## [Data provided]

★ ★ ★ ★ ★ ★ ★

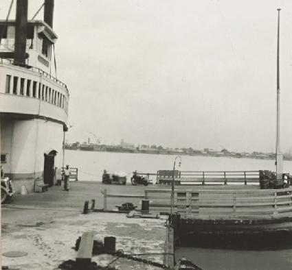 The Algiers ferry at Canal Street landing, looking toward Algiers, 1930's
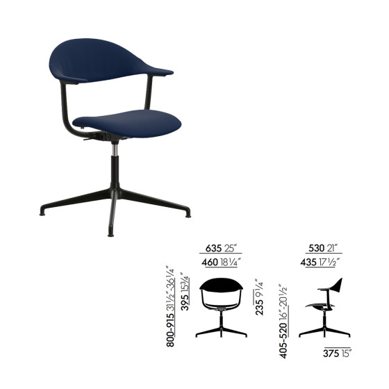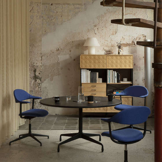 Showtime 低背旋轉扶手椅(藍、織布坐墊、滾輪椅腳) -
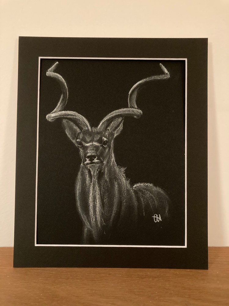 Print from an original white pastel study of a Kudu bull.
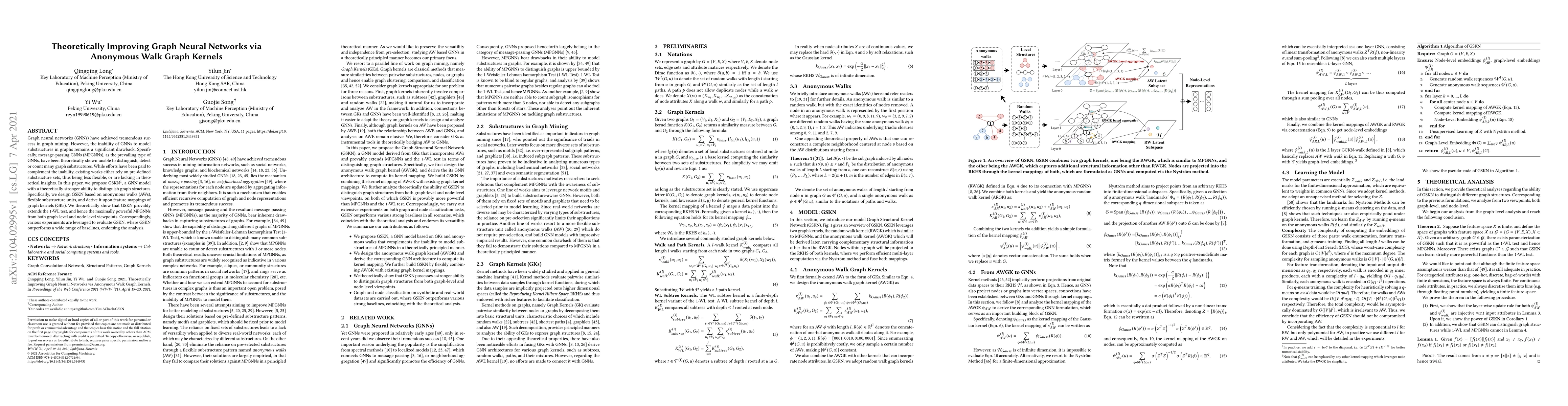 This paper proposes GSKN, a novel graph neural network based on anonymous walk graphs and graph kernels, to theoretically enhance the ability to distinguish graph structures. GSKN extends the 1-WL test, proving its superiority over existing message-passing GNNs, and outperforms baselines in experiments.

★ ★ ★ ★ ★ ★ ★

## [What to produce]
Reproduce the opening lines of the material above exactly, ending with the line that contains "Print from an". Omit every picture.

## [Task answer]
 The Algiers ferry at Canal Street landing, looking toward Algiers, 1930's
 Showtime 低背旋轉扶手椅(藍、織布坐墊、滾輪椅腳) -
 Print from an original white pastel study of a Kudu bull.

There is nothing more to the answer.